[TASK TO COMPLETE]: Leave out all lines before the one containing "Juan T. Trippe", and copy that line and all the rest below it exactly.

[ENTRIES SHOWN]:
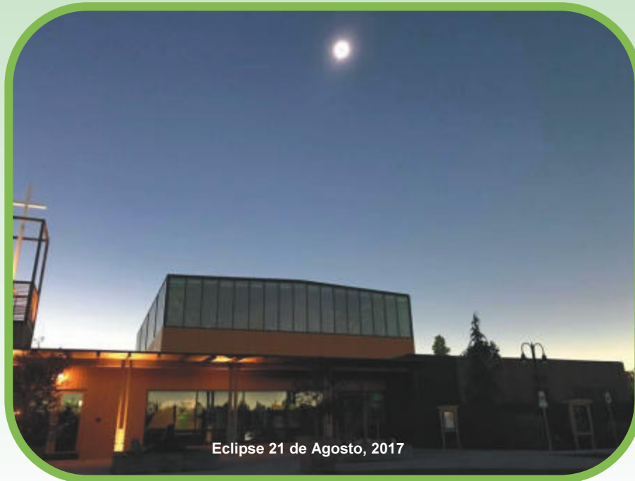
Eclipse 21 de Agosto, 2017
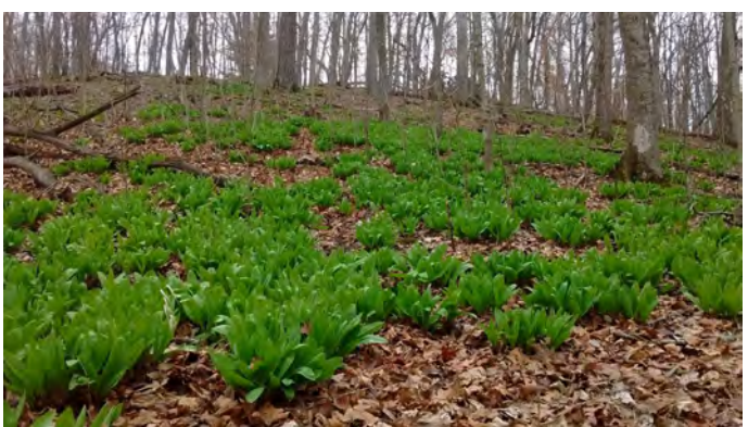
Top: An alley cropping system; Bottom: Ramps in a food forest system.
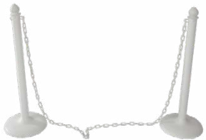
Plastic Chain and Stanchion
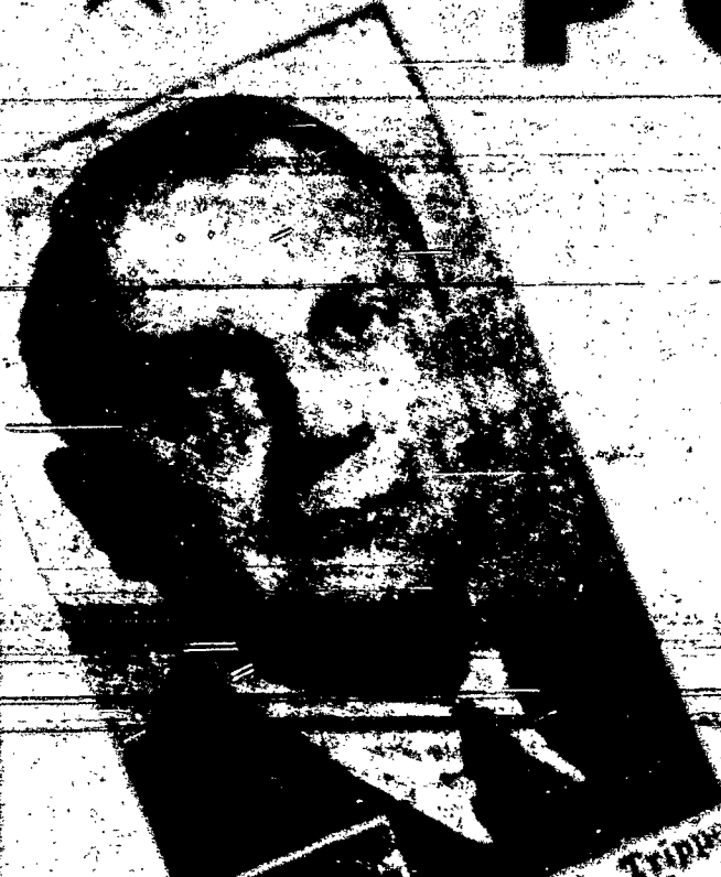
Juan T. Trippe President Pan-American Airlines, Inc.

Some of THE AUTHORS of the Most-Talked-Of Book on the Peace After Victory

[YOUR SOLUTION]:
Juan T. Trippe President Pan-American Airlines, Inc.

Some of THE AUTHORS of the Most-Talked-Of Book on the Peace After Victory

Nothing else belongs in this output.